Cimahi (MTsN Kota Cimahi) – Salah satu anugerah terindah dalam bekerja, ketika tempat pekerjaan adalah yang dulu tempat menimba ilmu atau almamater sendiri. Itulah yang dialami oleh Eni, nama panggilan dari Rohaeni, S.Pd., guru Bahasa Sunda MTsN Kota Cimahi.
Eni jadi siswa di MTsN Kota Cimahi saat itu masih bernama MTs Sukasari sejak tahun 1992 sampai 1995. Ia mengenang kondisi MTsN dulu saat bersekolah dengan saat ini sudah jauh berbeda.
“Alhamdulillah, kondisi MTsN sekarang jauh lebih bagus bangunannya. Dari segi prestasi juga semakin banyak yang diraih,” katanya sembari tersenyum. Dulu namanya MTsN Sukasari, sudah terkenal dan banyak peminatnya. Hingga sekarang masih bisa bertahan walaupun banyak persaingan dengan sekolah lain.
Ia mengaku banyak memiliki kenangan yang indah. Terutama saat jadi siswa. Eni bisa menyumbang cukup banyak piala dari kegiatan ekskul pramuka yang diikutinya.

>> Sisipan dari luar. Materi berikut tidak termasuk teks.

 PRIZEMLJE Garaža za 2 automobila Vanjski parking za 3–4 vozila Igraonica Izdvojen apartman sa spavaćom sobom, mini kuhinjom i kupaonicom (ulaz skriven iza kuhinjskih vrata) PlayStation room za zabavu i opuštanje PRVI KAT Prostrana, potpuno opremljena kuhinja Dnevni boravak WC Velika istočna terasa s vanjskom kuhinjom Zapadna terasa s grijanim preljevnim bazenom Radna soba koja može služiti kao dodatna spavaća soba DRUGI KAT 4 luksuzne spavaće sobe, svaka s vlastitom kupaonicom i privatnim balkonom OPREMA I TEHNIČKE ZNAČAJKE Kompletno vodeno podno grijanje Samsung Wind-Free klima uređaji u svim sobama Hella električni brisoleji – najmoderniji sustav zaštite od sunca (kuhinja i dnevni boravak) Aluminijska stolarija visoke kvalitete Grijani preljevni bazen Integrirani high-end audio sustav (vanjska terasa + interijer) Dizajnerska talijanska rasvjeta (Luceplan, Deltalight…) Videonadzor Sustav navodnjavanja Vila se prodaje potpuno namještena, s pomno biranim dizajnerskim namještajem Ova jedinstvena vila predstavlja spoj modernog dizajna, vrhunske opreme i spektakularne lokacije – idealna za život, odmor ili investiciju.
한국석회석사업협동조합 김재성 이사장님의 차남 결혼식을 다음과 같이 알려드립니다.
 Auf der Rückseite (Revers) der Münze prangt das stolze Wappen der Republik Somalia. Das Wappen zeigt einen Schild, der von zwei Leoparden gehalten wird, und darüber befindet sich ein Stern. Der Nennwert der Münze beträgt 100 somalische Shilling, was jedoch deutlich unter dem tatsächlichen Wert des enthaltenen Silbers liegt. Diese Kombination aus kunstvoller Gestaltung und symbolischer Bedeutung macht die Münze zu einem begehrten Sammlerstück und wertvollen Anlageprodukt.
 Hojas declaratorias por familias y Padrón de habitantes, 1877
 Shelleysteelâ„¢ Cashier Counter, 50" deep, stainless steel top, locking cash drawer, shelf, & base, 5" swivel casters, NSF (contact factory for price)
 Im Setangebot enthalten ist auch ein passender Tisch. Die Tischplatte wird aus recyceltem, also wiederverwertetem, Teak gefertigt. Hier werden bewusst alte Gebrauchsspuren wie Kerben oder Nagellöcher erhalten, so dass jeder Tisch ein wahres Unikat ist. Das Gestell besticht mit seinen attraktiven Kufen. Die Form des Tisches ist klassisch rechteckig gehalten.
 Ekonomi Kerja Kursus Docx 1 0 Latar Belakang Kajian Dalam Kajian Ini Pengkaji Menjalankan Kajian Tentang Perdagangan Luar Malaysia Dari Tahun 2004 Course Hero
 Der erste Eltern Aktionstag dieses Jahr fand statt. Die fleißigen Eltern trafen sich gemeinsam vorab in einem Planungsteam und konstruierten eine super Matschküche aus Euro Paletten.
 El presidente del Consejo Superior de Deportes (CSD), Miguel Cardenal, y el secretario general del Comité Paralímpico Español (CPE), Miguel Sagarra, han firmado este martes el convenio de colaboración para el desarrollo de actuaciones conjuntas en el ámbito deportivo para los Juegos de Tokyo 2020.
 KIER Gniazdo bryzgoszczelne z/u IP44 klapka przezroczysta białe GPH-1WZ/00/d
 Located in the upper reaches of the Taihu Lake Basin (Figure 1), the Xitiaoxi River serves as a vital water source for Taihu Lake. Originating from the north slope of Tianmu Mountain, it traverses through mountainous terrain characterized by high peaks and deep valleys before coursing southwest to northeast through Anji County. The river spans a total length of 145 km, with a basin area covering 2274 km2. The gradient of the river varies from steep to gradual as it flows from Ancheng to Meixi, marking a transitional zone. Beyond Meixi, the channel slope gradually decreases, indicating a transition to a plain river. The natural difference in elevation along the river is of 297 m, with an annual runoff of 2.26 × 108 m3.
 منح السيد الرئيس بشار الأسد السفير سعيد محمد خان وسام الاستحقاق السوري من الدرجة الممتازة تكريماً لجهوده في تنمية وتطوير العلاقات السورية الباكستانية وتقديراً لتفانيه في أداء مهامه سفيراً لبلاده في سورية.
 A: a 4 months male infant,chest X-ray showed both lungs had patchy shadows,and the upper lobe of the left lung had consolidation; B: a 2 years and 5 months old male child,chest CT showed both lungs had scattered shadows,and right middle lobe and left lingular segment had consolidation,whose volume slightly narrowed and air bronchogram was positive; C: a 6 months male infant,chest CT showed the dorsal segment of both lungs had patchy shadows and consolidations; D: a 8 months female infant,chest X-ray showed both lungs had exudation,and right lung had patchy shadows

Lantas ia bercerita bahwa salah satu guru pavoritnya kala itu adalah H. Asep Saefudin (Almarhum) seorang guru Bahasa Arab. Sosoknya begitu berwibawa namun ramah dan humble kepada siswa-siswinya.

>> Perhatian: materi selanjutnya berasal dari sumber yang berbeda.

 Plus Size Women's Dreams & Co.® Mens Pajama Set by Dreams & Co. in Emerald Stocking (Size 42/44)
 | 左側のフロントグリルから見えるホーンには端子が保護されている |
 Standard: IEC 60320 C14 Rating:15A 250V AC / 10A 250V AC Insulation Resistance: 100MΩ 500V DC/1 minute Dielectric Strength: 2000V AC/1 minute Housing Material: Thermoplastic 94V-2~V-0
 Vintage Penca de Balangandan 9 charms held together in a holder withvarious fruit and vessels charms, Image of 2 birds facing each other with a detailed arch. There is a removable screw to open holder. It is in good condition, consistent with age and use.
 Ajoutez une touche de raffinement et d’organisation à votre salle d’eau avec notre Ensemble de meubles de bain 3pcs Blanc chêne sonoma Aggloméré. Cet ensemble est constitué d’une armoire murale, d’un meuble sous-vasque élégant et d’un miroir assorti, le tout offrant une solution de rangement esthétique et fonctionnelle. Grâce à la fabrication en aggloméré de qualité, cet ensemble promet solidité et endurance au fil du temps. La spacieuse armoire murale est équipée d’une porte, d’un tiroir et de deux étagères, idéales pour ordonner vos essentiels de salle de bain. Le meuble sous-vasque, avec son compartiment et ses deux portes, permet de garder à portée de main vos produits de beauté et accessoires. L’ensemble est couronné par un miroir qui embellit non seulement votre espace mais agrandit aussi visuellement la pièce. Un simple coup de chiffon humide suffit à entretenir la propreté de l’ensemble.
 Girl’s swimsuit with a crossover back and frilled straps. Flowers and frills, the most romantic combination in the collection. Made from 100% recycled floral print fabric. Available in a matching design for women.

“Beliaulah yang mengajari saya lebih mendalam tentang pembelajaran Bahasa Arab. Saya jadi lebih suka pelajaran Bahasa Arab,” kenang Eni.
Eni lahir di Cimahi pada 03 September 1980. Memiliki hobi memasak. Tak pelak karena hobinya ini beberapa event kegiatan di MTsN Kota cimahi, ia kerapkali didaulat sebagai seksi konsumsi termasuk saat Perkemahan Pramuka di wisata Paku Haji beberapa waktu lalu.

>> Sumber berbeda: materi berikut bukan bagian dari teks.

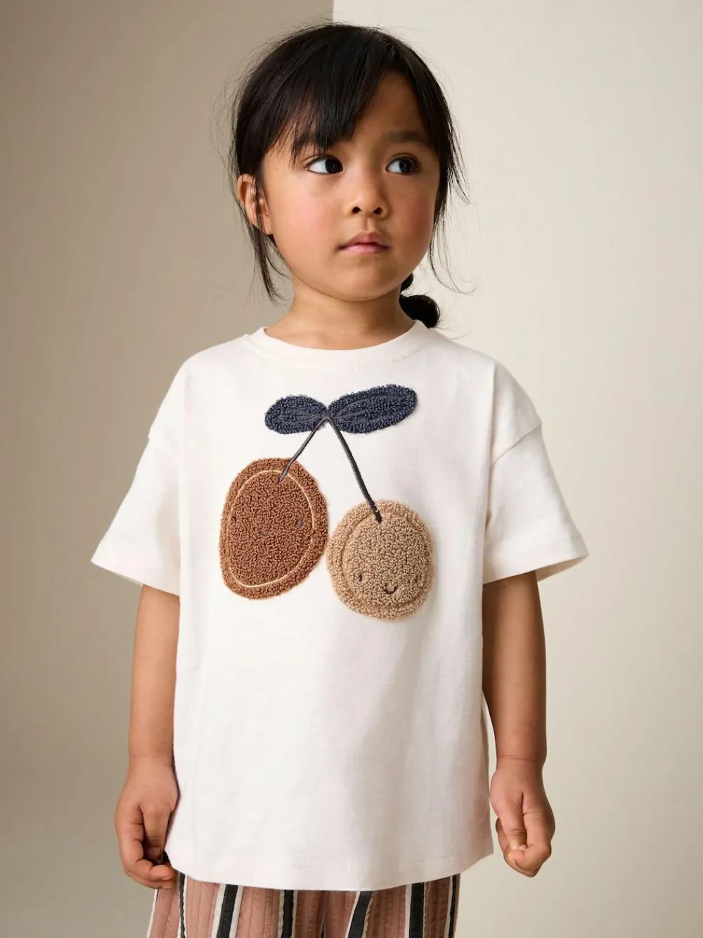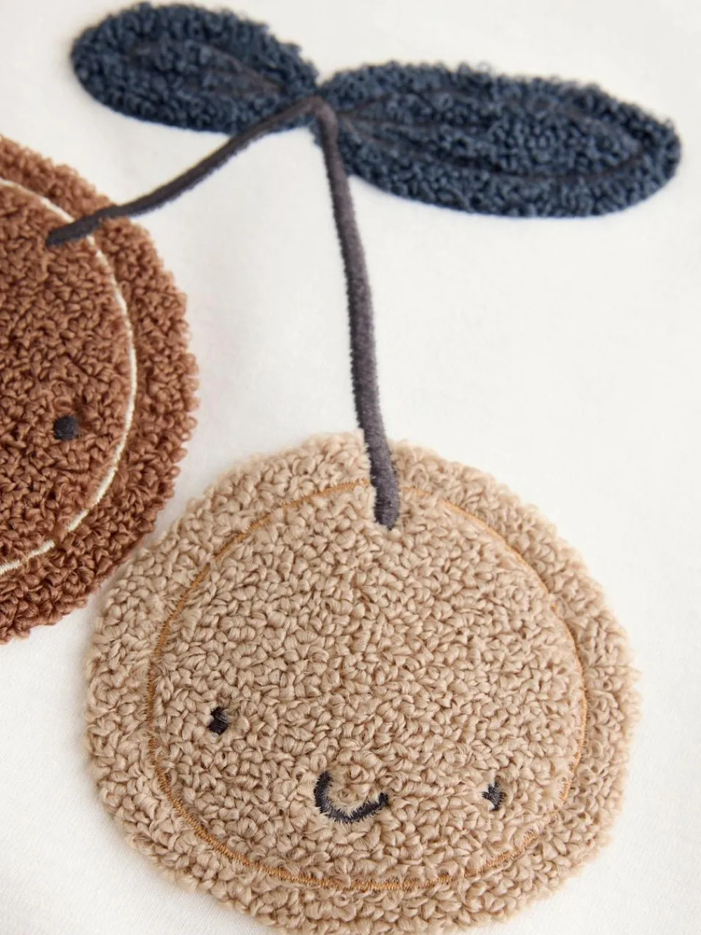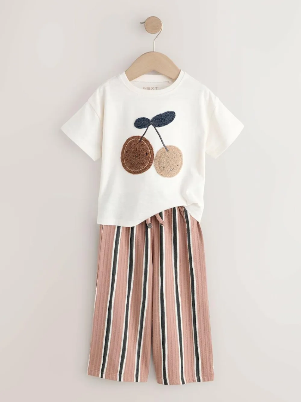 Bring some sweet, trendy style to your little one’s wardrobe with this adorable Ecru/ Brown Cherry Short Sleeve Top and Barrel Trousers Set. The top features charming boucle cherry appliqué for a fun, textured detail they’ll love. Paired with comfortable, striped Barrel Trousers, this outfit is an easy and stylish choice for casual adventures. Boucle cherry appliqué Short Sleeve Top Barrel Trousers Set Machine washable. T-shirt and Trouser 100% Cotton.
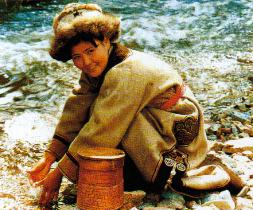 狩猎途中的鄂伦春族男子。鄂伦春族男子穿大襟长袍,长袍下摆有前后左右四个开衩,穿着时紧系麋皮带,下着皮裤皮靴,头戴皮帽。这种装束非常适合于骑马奔跃的狩猎生活。

Isteri dari Muchlis Aliyudin dan ibu dari Naimatul Azka Aliyudin dan Muhammad Rafif Aliyudin ini saat kecil bercita-cita ingin jadi Polwan. Nasib berkata lain. Kini ia ditakdirkan menjadi seorang guru. Menariknya jadi guru di sekolahnya sendiri.
“Saat pertama kali jadi guru di MTsN, merasa bahagia karena bisa kembali mengabdi ke sekolah yang telah banyak memberikan ilmu dan pengalaman hidup. Selain itu, sempat ada rasa canggungnya, terutama dulu sebagian adalah para guru, kemudian jadi teman sejawat,” tutur Eni.
Kerapkali Jadi Petugas Upacara
Eni menyelesaikan pendidikan dasarnya pada MI Nurul Falah Cimahi (1986-1992), kemudian MTsN Sukasari (1992-1995). Jenjang SLTA ia selesaikan di SMAN 2 Cimahi (1995-1998). Gelar Sarjana Pendidikan ia peroleh dari IKIP Bandung atau kini dikenal dengan Univeristas Pendidikan Indonesia (UPI) pada jurusan Diksastra Sunda lulus tahun 2003.
Salah satu yang menarik dari kiprahnya selama menjadi guru MTsN Kota Cimahi, Eni kerapkali mendapat kepercayaan sebagai petugas upacara terutama hari besar nasional seperti Hari Amal Bakti Kemenag.
“Tak kurang dari 10 kali saya mendapat penugasan sebagai petugas upacara baik di tingkat madrasah, kemenag hingga kota Cimahi. Biasanya saya bertugas sebagai pembaca Teks UUD 1945 atau Pancasila. Trio guru yang sering tampil, saya bersama Bu Yayu, dan Bu Endang,” ungkap Wali Kelas 9A dan staf Wakamad Bidang Sarpras tersebut.
Eni berharap ke depan MTsN Kota Cimahi semakin maju dan bisa menghasilkan siswa-siswa yang berprestasi, berakhlakul karimah dan BERMUTU sesuai dengan visi MTsN Kota Cimahi.